[Directions] An exact copy of all the entries is needed, with no images in it.

- Opening Delimiter -

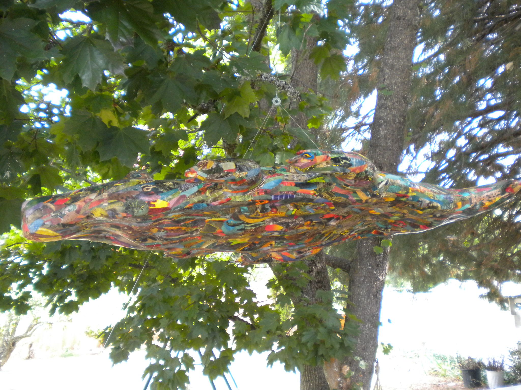 Only a few people have viewed my original once-inflatable sculptures in their natural habitat–my basement and the trees behind my home. The sculptures are made from papier-mache and entirely covered with thousands of colored images, cut from magazines and catalogs, and protected with generous layers of natural-based sealant. They began with a desire to add a third-dimension to the collage experience by creating objects that possessed their own space in a room, like most humans, rather than laying flat inside a frame or on a shelf. They each appeared very clearly in mind before construction began. And each required 200-300 hours to complete.
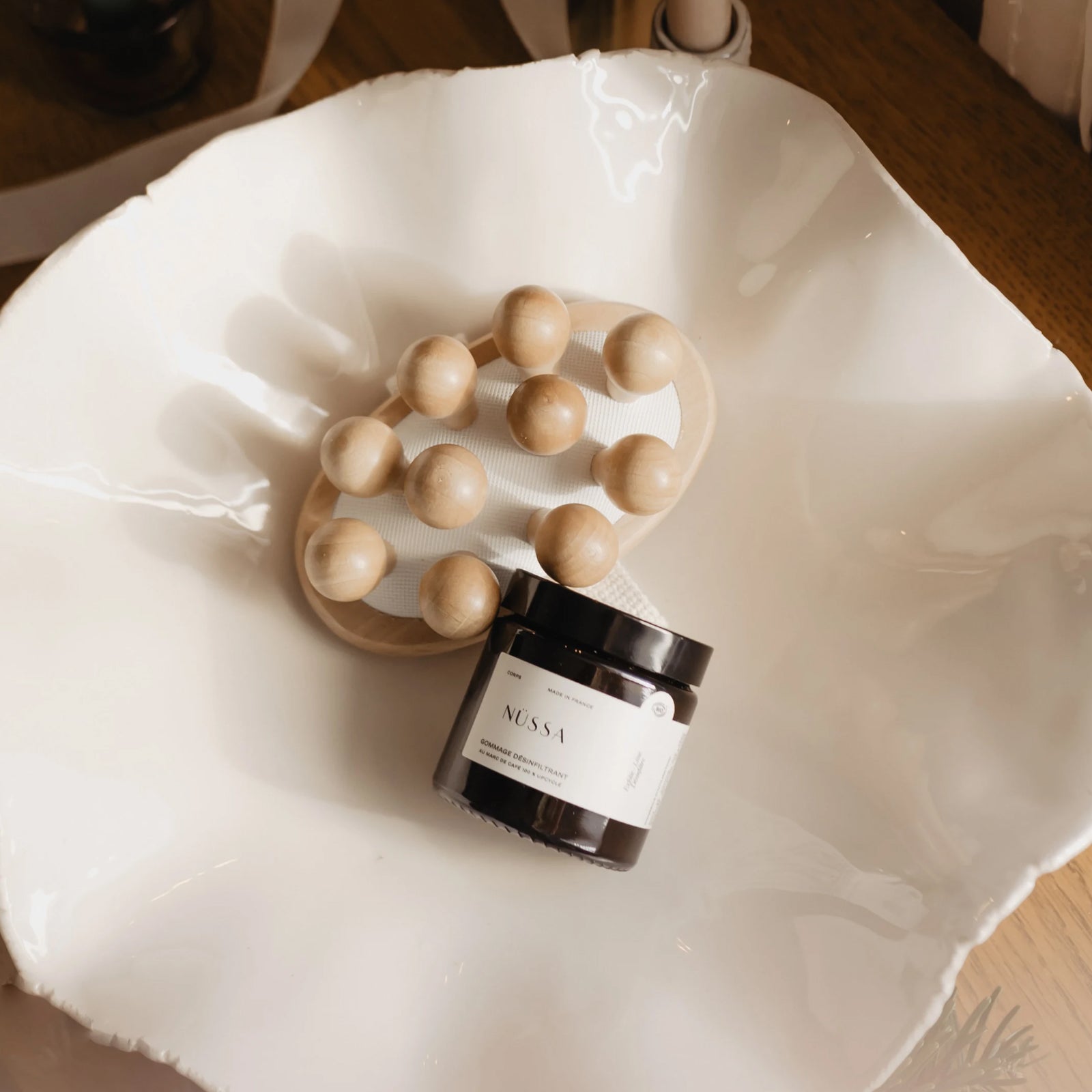 The Nüssa Anti-cellulite body brush is a massage accessory specially designed to reduce the appearance of cellulite and stimulate blood circulation. With its moving balls, this brush promotes lymphatic drainage and helps smooth skin for a firmer, more toned appearance.
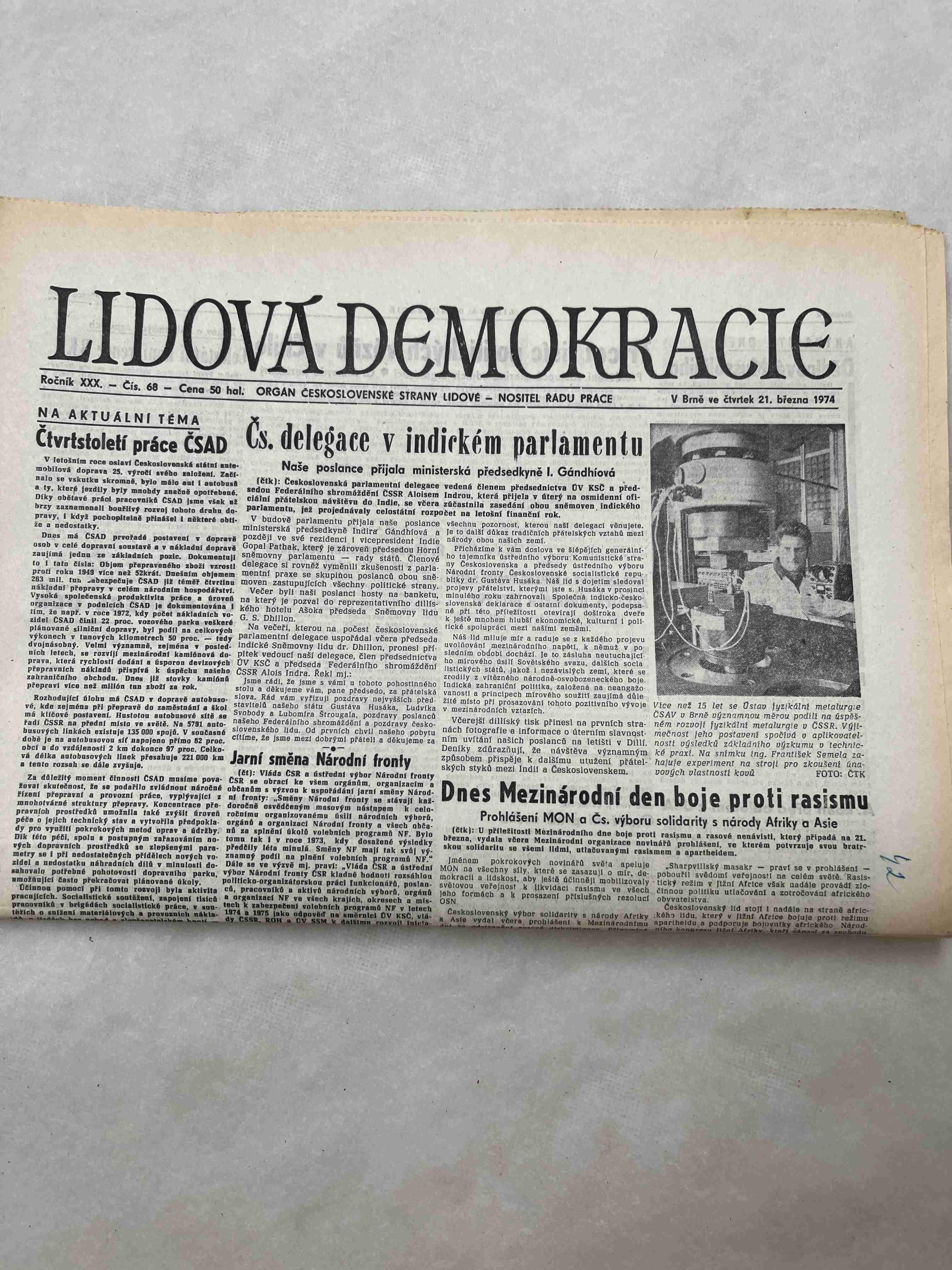 Noviny Lidová demokracie 21.3.1974
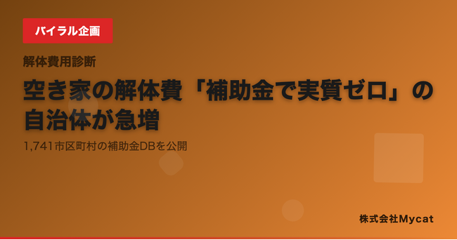 株式会社Mycatは、全国1,741市区町村の空き家解体に関する補助金情報を横断検索できる「解体補助金データベース」を解体費用(https://kaitai.xyz)に新たに公開しました。
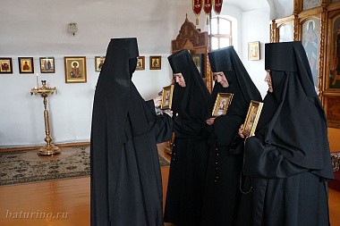 Настоятельница монастыря игумения Ника (Толмачева) также поздравила сестер и подарила им иконы Пресвятой Богородицы «Достойно есть». Матушка пожелала, чтобы они шли по пути царскому, Богородичному. «Ведь первая по нему прошла Сама Царица Небесная! Путь этот тернист, он очень непростой, но невероятно радостный, ведь результат его – спасение, Царство Небесное. Нужно трудиться над собой, над своим сердцем, очищая его, стараясь помогать сестрам. Нужно всегда помнить о том, что Господь живет только в чистом сердце».

- Closing Delimiter -

[Written answer]
 Only a few people have viewed my original once-inflatable sculptures in their natural habitat–my basement and the trees behind my home. The sculptures are made from papier-mache and entirely covered with thousands of colored images, cut from magazines and catalogs, and protected with generous layers of natural-based sealant. They began with a desire to add a third-dimension to the collage experience by creating objects that possessed their own space in a room, like most humans, rather than laying flat inside a frame or on a shelf. They each appeared very clearly in mind before construction began. And each required 200-300 hours to complete.
 The Nüssa Anti-cellulite body brush is a massage accessory specially designed to reduce the appearance of cellulite and stimulate blood circulation. With its moving balls, this brush promotes lymphatic drainage and helps smooth skin for a firmer, more toned appearance.
 Noviny Lidová demokracie 21.3.1974
 株式会社Mycatは、全国1,741市区町村の空き家解体に関する補助金情報を横断検索できる「解体補助金データベース」を解体費用(https://kaitai.xyz)に新たに公開しました。
 Настоятельница монастыря игумения Ника (Толмачева) также поздравила сестер и подарила им иконы Пресвятой Богородицы «Достойно есть». Матушка пожелала, чтобы они шли по пути царскому, Богородичному. «Ведь первая по нему прошла Сама Царица Небесная! Путь этот тернист, он очень непростой, но невероятно радостный, ведь результат его – спасение, Царство Небесное. Нужно трудиться над собой, над своим сердцем, очищая его, стараясь помогать сестрам. Нужно всегда помнить о том, что Господь живет только в чистом сердце».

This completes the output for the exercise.